As part of our round of pre-notification, we proactively reached out to several exchanges with a functional security@
inboxes, and we posted a message to the Cosmos forum letting the community know that a patch for a high-severity vulnerability would become available at 6am UTC on Wednesday, October 2. This time was specifically chosen to accommodate our community outside of North America.
Within a business day of pre-notifying impacted parties that we would be releasing a security update for Tendermint and the CosmosSDK, the Tendermint and CosmosSDK teams cut releases that fully remediated the issue once service providers patched their software and the reporter was awarded a bounty for the bug reported through HackerOne.
Retrospective
For security to be successful, it must be a shared responsibility across all stakeholders across the entire Cosmos ecosystem. More than anything else, we are extremely thankful for the ongoing contributions to security being made by our community, and we are thrilled that the work we have done to encourage reporting of vulnerabilities through security@tendermint.com and our HackerOne bug bounty program has been successful to date.

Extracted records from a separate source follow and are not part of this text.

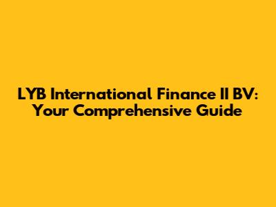 LYB International Finance II BV: Your Comprehensive Guide
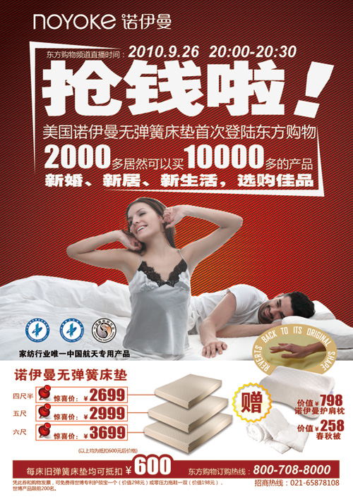2010-11-16床墊新紀元!限時特惠,豪華體驗啦!諾伊曼首創無彈簧床墊,東方CJ限時特惠:豪華床墊四折特惠,再送價值798元護肩枕和258元春秋被!另外,以舊換新,每床舊彈簧床墊可600元。只此一檔,快來搶購吧!直播時間:2010.11.1620:00~20:30活動詳情:www.tenpon.cnwww.noyo...[繼續閱讀] -
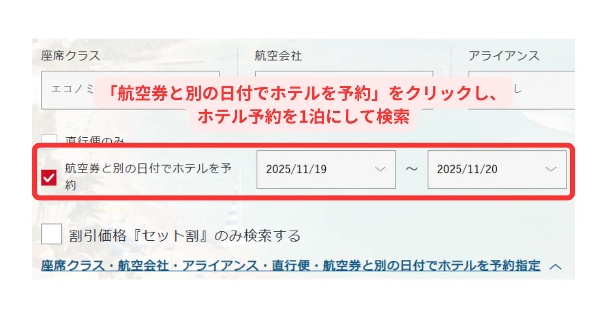 「航空券と別の日付でホテルを予約」をクリックし、ホテル予約を1泊にして検索
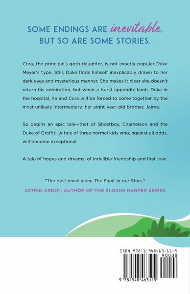 Cora Matthews, the principal's gloomy goth daughter, is not exactly popular Duke Meyer's type. Still, Duke finds himself inexplicably drawn to her dark eyes and mysterious manner. She makes it clear she doesn't return his admiration, but when a burst appendix lands Duke in the hospital, he and Cora will be forced to come together by the most unlikely intermediary: her eight-year-old brother, Jaime. Duke learns Jaime has brain cancer and little chance of long-term survival. He admires the kid's plucky positivity and wild imagination and offers to write a story about Jaime's make-believe superheroes. So begins an epic tale-that of Ghostboy, Chameleon and the Duke of Graffiti-and a deep friendship between Duke and Jaime. Despite their outward differences, Cora and Duke bond over their affection for Jaime, but unintended betrayal and Jaime's advancing disease threaten to derail their blossoming romance before it can truly take root. Ghostboy, Chameleon & the Duke of Graffiti is a gorgeous debut novel that will resonate with the thoughtful fans of John Green's blockbuster The Fault in Our Stars.
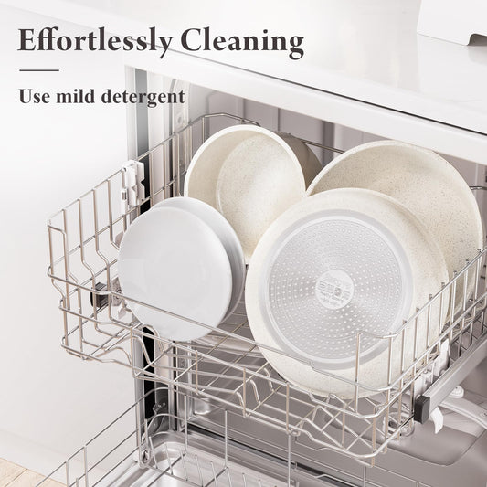 Bazova Ceramic Nonstick Cookware Set, Healthy,Non Toxic,17-Pieces Pots and Pans Set Removable Handles,Induction RV Kitchen Set,Stain & Scratch-resistant,Dishwasher/Oven Safe,PFAS/PFOA Free,Cream White
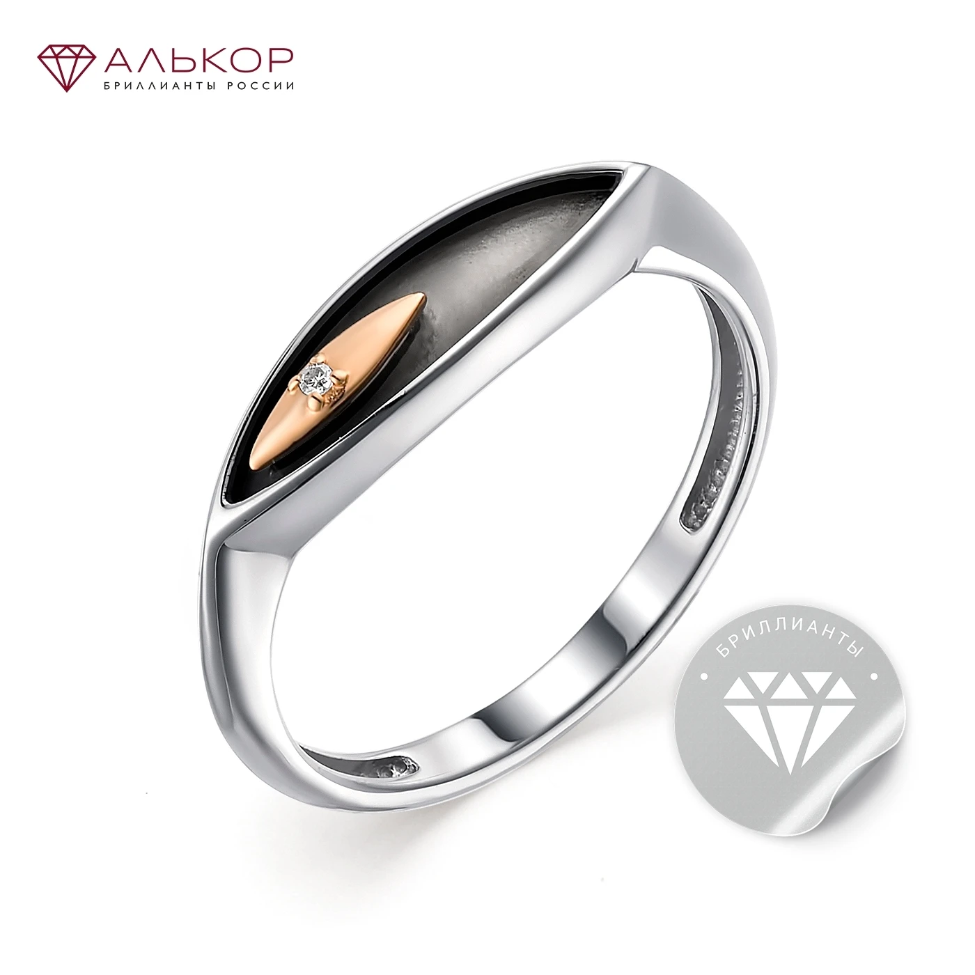 Кольцо тренд 2021 из родированного серебра и золота c бриллиантом АЛЬКОР. Бесплатная доставка с ювелирной фабрики в России
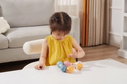Stylowa i bezpieczna grzechotka w kształcie podwójnych marakasów wykonana jest z wysokiej jakości drewna i zaprojektowana tak, by wydawać delikatny, kojący dźwięk przyjemny dla dziecięcych uszu. Niska waga zachęca dzieci do częstego chwytania i potrząsania, dzięki czemu naturalnie rozwija się motoryka mała, rytm i koordynacja.
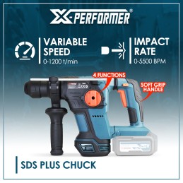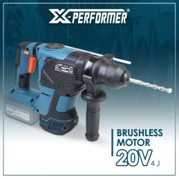 Le puissant marteau perforateur rechargeable XPRH4BL est idéal pour tous les travaux de perforation et de burinage. Avec 5500 coups par minute et une vitesse variable de 0-1200 tours par minute, il est capable de travailler différents matériaux tels que l’acier (13 mm), le bois (40 mm) et la pierre (28 mm). Le mandrin SDS+ permet le changement rapide du burin ou du forêt.

After discussing the coordination and timeline of this issue, the core triage team has identified several opportunities for action among stakeholders that would improve coordination in the future.
* As part of an internal retrospective, the core developers of the CosmosSDK and Tendermint will be improving the documentation of the software release process. By better documenting the process and including specific instructions that would expedite identifying and catching similar bugs, we hope to reduce errors and find flaws in code more quickly in the future. Additionally, we will begin testing upgrades with forks of mainnet code as recommended by bharvest.
* Given the heightened importance of security in blockchain technology, all blockchain companies need to open a dedicated, monitored line of communication open for vulnerability coordination. Without this, it is nearly impossible to ensure that impacted stakeholders receive timely communications and can take quick action to remediate significant security issues; it is neither reasonable nor scalable to ask security teams to open support tickets through customer service to then hope that advisories make it to the security or engineering teams in time for quick action. As an industry, we desperately need to set a strong standard for coordination and disclosure of security bugs: more exchanges, development teams, and organizations who depend on our code and who may be impacted by security incidents to set up and monitor a security@ email.
* As part of our retrospective for Cosmos Mainnet Advisory Blue, our first emergency hard fork of mainnet, we began exploring options that would enable us to quickly, discreetly coordinate with Cosmos Hub validators in the case of a security emergency. Several validators reached out to inquire about the status of the emergency mailing list, which was originally intended to be used only in cases where an emergency hard fork was required. Because there was significant interest in receiving more communication about security issues, we will be taking significant steps over the next few weeks to improve security advisory distribution to our community, including:
* Adding a security parameter to the CosmosSDK that allows validators to provide a security email address as a way to opt-in to emergency coordination measures.
* Distributing advisories via an RSS feed, in addition to posting advisories to the Cosmos Network forum.
* Continuing to develop a security mailing list that will be used to distribute advisories to all stakeholders whether emergency forking is required or not.
Special thanks to fudongbai for reporting this issue, and to both Zaki Manian and Jack Zampolin for their contributions to this post.